Comment manger équilibré et sain durant votre grossesse ?
Un régime alimentaire équilibré est important pour assurer une croissance optimale et favoriser le développement de bébé dans le ventre de sa maman. Boire beaucoup reste aussi très important. Selon les directives de l’ONE, nous avons besoin de 2,5 litres d’eau par jour. Nous en absorbons 1 litre dans les aliments solides que nous consommons et 1,5 litres grâce aux boissons (eau, thés aux fruits ou aux herbes aromatiques,…) Manger sainement pour une femme enceinte signifie consommer les mêmes aliments sains que les femmes qui ne sont pas enceintes. Un certain nombre de nutriments méritent toutefois une attention particulière durant la grossesse.
Des protéines
Au cours de la grossesse, le besoin en protéines augmente. Les protéines optimisent le développement et la croissance de l’enfant. On en trouve entre autres dans la viande, le poisson, les œufs, le lait, les produits laitiers, les légumineuses (légumes secs) et les substituts de viande (par exemple le quorn, le tofu, le tempeh, le seitan, valess).
Du calcium
Le besoin en calcium est également plus élevé durant la grossesse. Il est conseillé de consommer chaque jour entre un ½ et ¾ de litre de lait ou de produits laitiers.
De la vitamine D
Avoir une dose suffisante de vitamine D est aussi crucial pendant la grossesse. Suite à une carence en vitamine D, vous ne parvenez parfois pas à absorber suffisamment de calcium. L’huile de poisson, le foie, les poissons gras, les œufs et les produits à base de lait entier sont riches en vitamine D. La vitamine D ne peut être prise en complément que sous la surveillance de votre médecin.
Du fer
Durant la grossesse, la future maman a encore plus besoin de fer, en particulier durant les derniers mois. Le bébé doit également se constituer sa propre réserve de fer au cours des derniers mois de la grossesse. Le fer est présent dans les aliments tels que la viande, le poisson, les œufs, les légumineuses, les légumes et les céréales complètes.
De L’iode
En Belgique, la consommation d'iode est généralement trop faible. Une carence en iode peut être évitée en mangeant par exemple du poisson 2 à 3 fois par semaine et en utilisant du sel iodé ou du sel iodé pauvre en sodium. Il est vrai que la simple consommation de sel iodé est insuffisante pour couvrir nos besoins quotidiens en iode. L’Organisation mondiale de la santé recommande aux femmes enceintes de prendre une dose de 200 microgrammes d’iode par jour. Nous vous recommandons bien sûr de toujours discuter du régime alimentaire sain qui vous convient avec votre médecin ou votre gynécologue.

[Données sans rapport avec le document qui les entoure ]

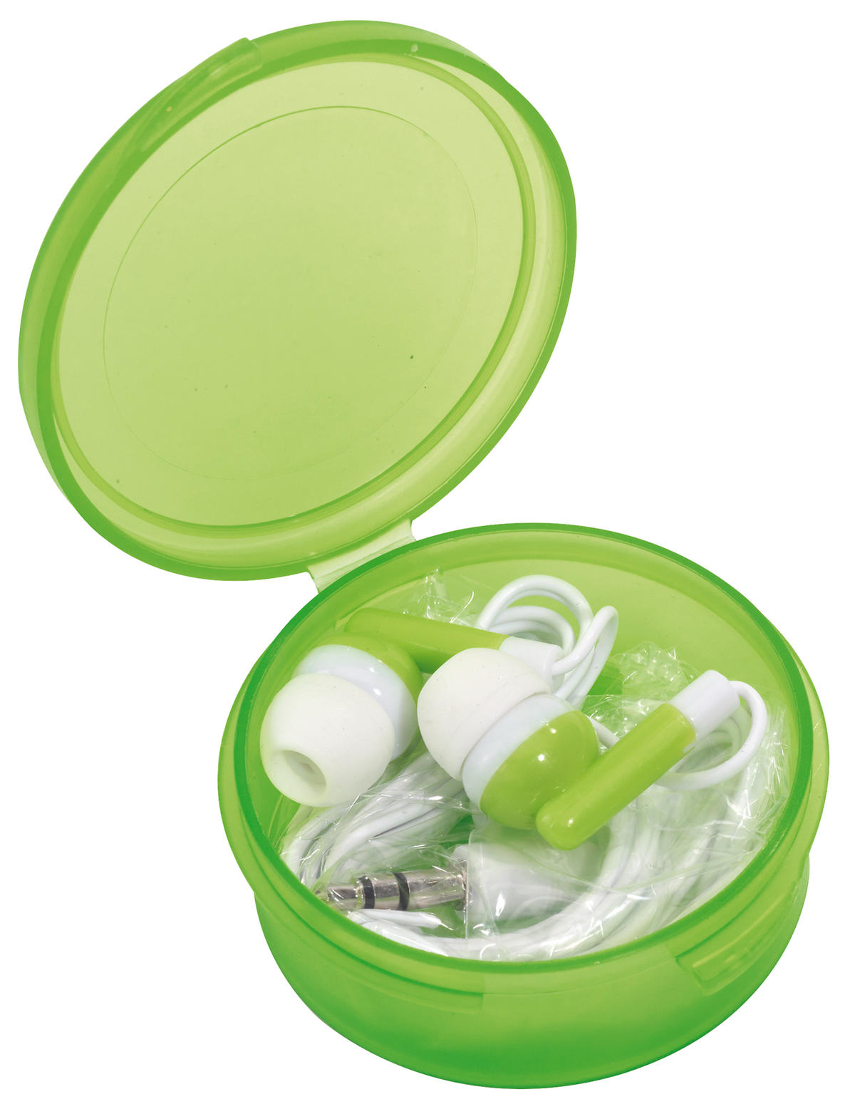 Słuchawki douszne MUSIC , jack 3,5 mm, długość kabla ok. 117 cm, pakowane w pudełko w tym samym kolorze.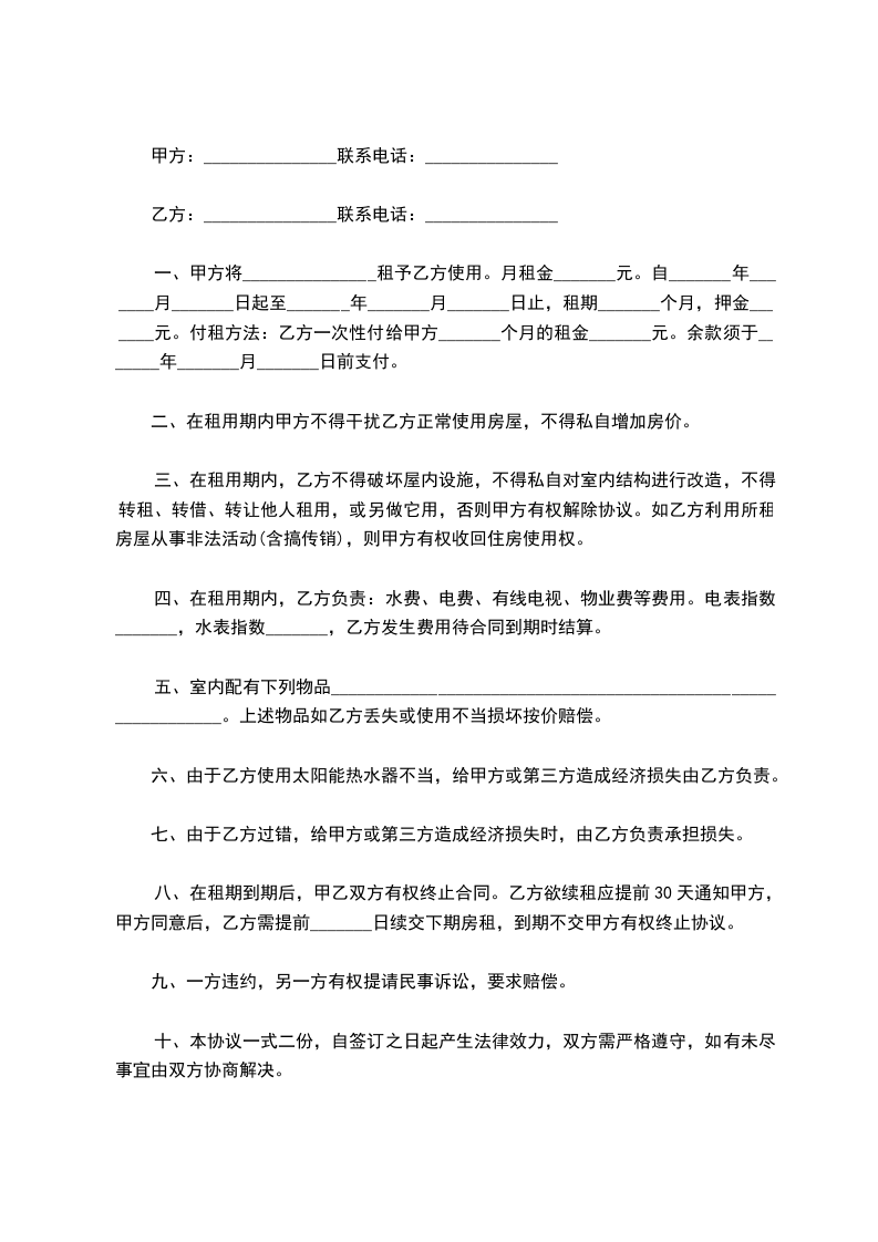 五、室内配有下列物品______________________________________________________________。上述物品如乙方丢失或使用不当损坏按价赔偿。

Quelques astuces pour surmonter les nausées
Les nausées sont courantes chez les femmes enceintes au cours des trois premiers mois de la grossesse. Certaines femmes ne sont malades que le matin, d’autres toute la journée. Voici quelques conseils qui peuvent vous aider à lutter contre les nausées durant la grossesse :
- Au réveil, restez encore un moment allongée.
- Prenez un petit-déjeuner léger : une biscotte, une tranche de pain grillé, avec de l’eau ou du thé.
- Si vous avez des nausées toute la journée, mangez plutôt de petits repas de manière régulière. Assurez-vous de boire suffisamment.
- Evitez les repas riches en graisses et fortement épicés.
- Veillez à ce que votre estomac ne soit jamais vide.
- Si possible, allez-vous allonger après chaque repas.
- Aérez votre maison suffisamment et évitez les odeurs.
Voici quelques subsituts de viande: quorn, seitan ( steak de blé et riche en protéines), tempeh, lopino, morceaux de soja, valess ou GoodBite.
Votre médecin ou votre gynécologue peuvent aussi être de bons conseils.